How do you calculate an index number?
An index number is calculated by dividing a given statistical value by a reference value (base) and multiplying by 100.
$$ \text{index number} = \frac{\text{value}}{\text{base}} \cdot 100 $$
This allows the change to be expressed as a percentage.
Types of Index Numbers
There are two main types of index numbers:
- Fixed-base index number
In this type, values are always compared to a fixed reference point (such as a base year).Example. Suppose the price of a product was 50 euros in 2020 and increased to 60 euros in 2023. Using 2020 as the base year, the index number for 2023 would be: $$ \text{Index number} = \frac{\text{2023 price}}{\text{2020 price}} \times 100 = \frac{60}{50} \times 100 = 120 $$ This indicates that the product's price has increased by 20% compared to 2020. An index number of 120 means the 2023 price is 120% of the 2020 price. All values are compared against 2020 as the reference point.
- Chain-base index number
In this type, values are compared consecutively, with each value compared to the one immediately before it, rather than to a fixed point. This is useful for measuring period-to-period changes, allowing you to track growth or decline from one period to the next.Example: If a product cost 50 euros in 2020 and 55 euros in 2021, the index number relative to 2020 would be: $$ \frac{\text{2021 price}}{\text{2020 price}} \times 100 = \frac{55}{50} \times 100 = 110 $$ In 2022, the price dropped to 53 euros. The index number relative to 2021 (chain base) would be: $$ \frac{\text{2022 price}}{\text{2021 price}} \times 100 = \frac{53}{55} \times 100 = 96.36 $$
The key difference between fixed-base and chain-base index numbers is how values are compared over time:
With a fixed base, comparisons are made consistently against a specific year or reference point, whereas with a chain base, the reference point shifts over time.
A Practical Example
Here’s a table showing how the price evolved from 2020 to 2024, along with the index numbers calculated using both a fixed base (with 2020 as the reference) and a chain base (where each year is compared to the previous one).
| Year | Price | Fixed-Base Index Number (2020) | Chain-Base Index Number |
|---|---|---|---|
| 2020 | 50 | 100.0 | 100.00 |
| 2021 | 55 | 110.0 | 110.00 |
| 2022 | 53 | 106.0 | 96.36 |
| 2023 | 60 | 120.0 | 113.21 |
| 2024 | 65 | 130.0 | 108.33 |
Which is better: Fixed or Chain Base?
The right choice depends on the goal of your analysis and the type of trend you're studying.
If you're looking to track the long-term evolution of a phenomenon relative to a stable reference point, a fixed base is more appropriate.

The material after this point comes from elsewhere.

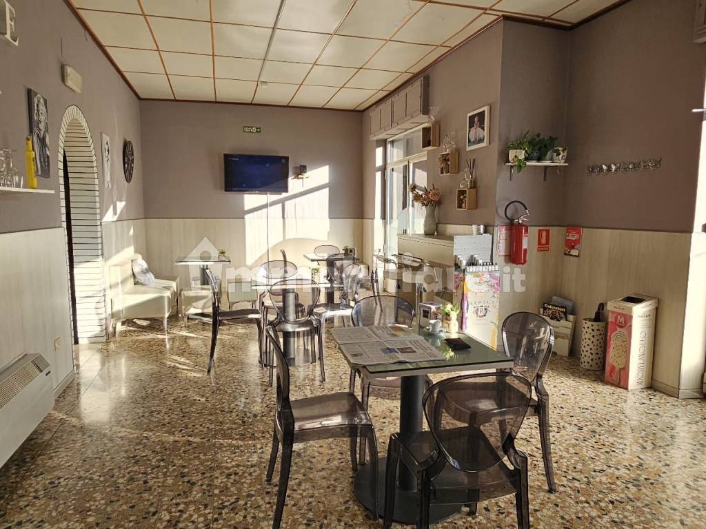 In zona centrale posto al piano rialzato cedesi attività bar, il locale è composto da una grande stanza con vetrine, bancone bar, con tavoli, altra stanza adibita a zona gioco, tre bagni ripostiglio, il locale è munito anche di cucina come da foto quindi si può ampliare l'attività come somministrazione di alimenti.
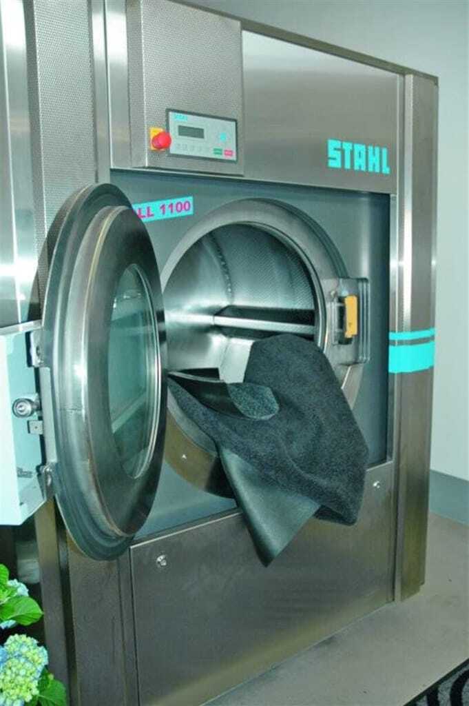 In der Waschschleudermaschine werden die Schmutzfangmatten gleichzeitig auch imprägniert. Dabei arbeite die Maschine ganz sanft. „Würde man ein anderes Waschprogramm einstellen, könnte man bis zur Seidenbluse alles waschen“, sagt Uwe Stahl, der Vertriebschef des Unternehmens, und ergänzt, dass die Maschinenwäsche wesentlich kostengünstiger für seinen Kunden sei.

However, if you want to monitor short-term changes or fluctuations between consecutive periods, a chain base gives a more detailed and up-to-date perspective.
Example. A fixed base is ideal for long-term comparisons relative to a consistent reference point (like a base year) and for analyzing overall changes over time (e.g., inflation). A chain base is more useful for tracking short-term changes, highlighting consecutive period fluctuations (e.g., monthly sales or quarterly performance).
And so on.